__WORK REQUEST__
Lower down are entries containing pictures. Copy exactly, without those pictures, the lines from the line with "13 colonies map" through the line with "这个周五,三月二十四这天,天".

__PROVIDED DATA__
↓↓↓

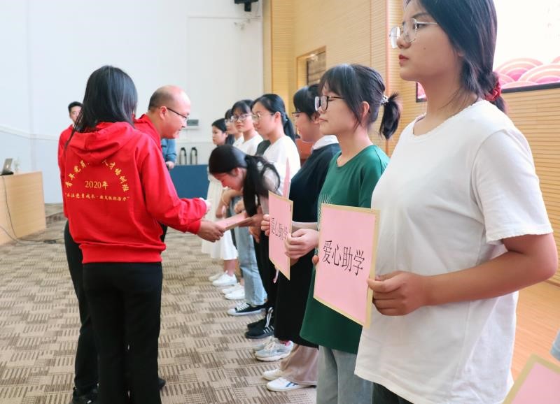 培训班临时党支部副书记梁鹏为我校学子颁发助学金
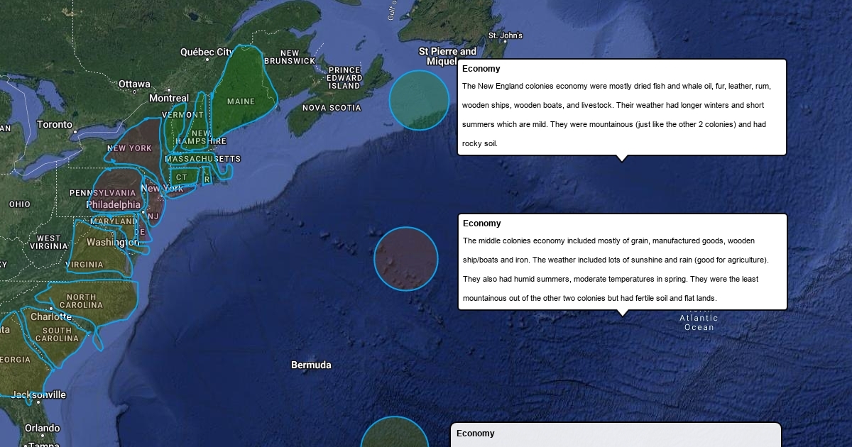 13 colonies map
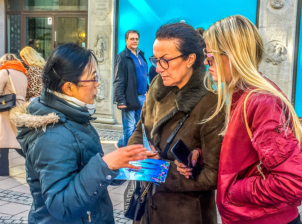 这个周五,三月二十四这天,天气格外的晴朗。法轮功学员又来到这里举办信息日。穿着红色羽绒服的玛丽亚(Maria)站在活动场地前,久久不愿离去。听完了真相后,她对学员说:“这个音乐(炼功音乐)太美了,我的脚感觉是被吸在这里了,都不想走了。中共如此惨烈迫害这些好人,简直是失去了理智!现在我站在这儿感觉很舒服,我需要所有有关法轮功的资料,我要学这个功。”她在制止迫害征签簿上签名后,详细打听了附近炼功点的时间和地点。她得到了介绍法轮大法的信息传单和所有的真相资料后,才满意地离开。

↑↑↑
↓↓↓

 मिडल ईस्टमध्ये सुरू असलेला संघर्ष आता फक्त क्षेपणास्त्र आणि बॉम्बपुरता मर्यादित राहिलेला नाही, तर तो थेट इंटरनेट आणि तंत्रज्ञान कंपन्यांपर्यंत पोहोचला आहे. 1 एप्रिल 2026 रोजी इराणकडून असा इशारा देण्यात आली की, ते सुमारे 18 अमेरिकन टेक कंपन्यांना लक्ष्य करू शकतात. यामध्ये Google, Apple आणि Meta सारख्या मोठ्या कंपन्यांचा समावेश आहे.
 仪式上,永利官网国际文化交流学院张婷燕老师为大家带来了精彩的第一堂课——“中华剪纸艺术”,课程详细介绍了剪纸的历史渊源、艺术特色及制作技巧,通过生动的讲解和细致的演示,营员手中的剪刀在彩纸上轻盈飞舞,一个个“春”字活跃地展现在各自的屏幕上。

↑↑↑

__RESULT OF THE TASK__
 13 colonies map
 这个周五,三月二十四这天,天气格外的晴朗。法轮功学员又来到这里举办信息日。穿着红色羽绒服的玛丽亚(Maria)站在活动场地前,久久不愿离去。听完了真相后,她对学员说:“这个音乐(炼功音乐)太美了,我的脚感觉是被吸在这里了,都不想走了。中共如此惨烈迫害这些好人,简直是失去了理智!现在我站在这儿感觉很舒服,我需要所有有关法轮功的资料,我要学这个功。”她在制止迫害征签簿上签名后,详细打听了附近炼功点的时间和地点。她得到了介绍法轮大法的信息传单和所有的真相资料后,才满意地离开。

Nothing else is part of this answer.